[Activity]
Return the lines of the data below, from the one containing "عفونی شود. |" through the very last, exactly and with both ends included; no pictures.

[Information shown]
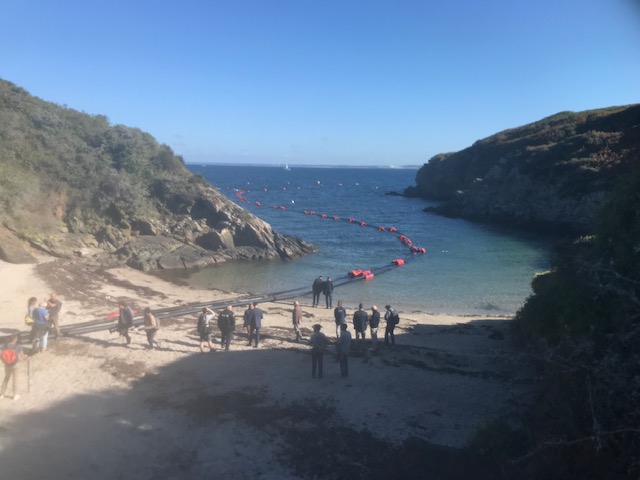 Ce mercedi, Fabrice Loher, Président de Lorient agglomération, Baptiste Rolland Sous Préfet de Lorient et Dominique Yvon, le Maire de Groix se sont rendus à Port- Mélin pour découvrir l'unité de dessalement installée pour garantir la continuité de la production d'eau potable sur l'île. Ainsi, près de 500m3/jour sont dessalés et renvoyés vers le barrage; ce qui représente à peine la moitié de la consommation journalière en été. Le Président de l'agglo s'est félicité de la rapidité de la mise en ouevre de cette unité qui coûte plus de 800 000€ (sans compter le fonctionnement)aux contribuables du pays de Lorient et a tenu à rappeller à tous la nécesssité de ne pas gaspiller l'eau.
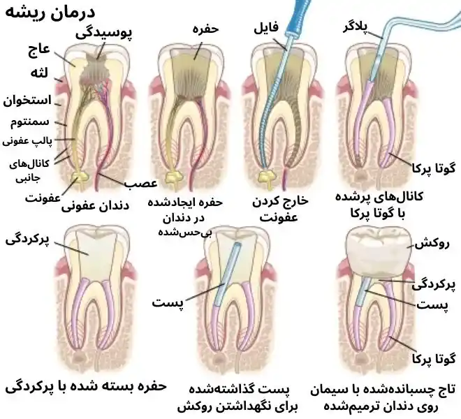 | عفونت پالپ | در اثر پوسیدگی عمیق، ضربه یا ترک دندان، پالپ ممکن است ملتهب یا عفونی شود. |
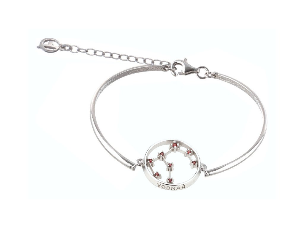 Silver bracelet with czech garnet, rhodium plated, zodiac sign - aquarius

[Your response]
 | عفونت پالپ | در اثر پوسیدگی عمیق، ضربه یا ترک دندان، پالپ ممکن است ملتهب یا عفونی شود. |
 Silver bracelet with czech garnet, rhodium plated, zodiac sign - aquarius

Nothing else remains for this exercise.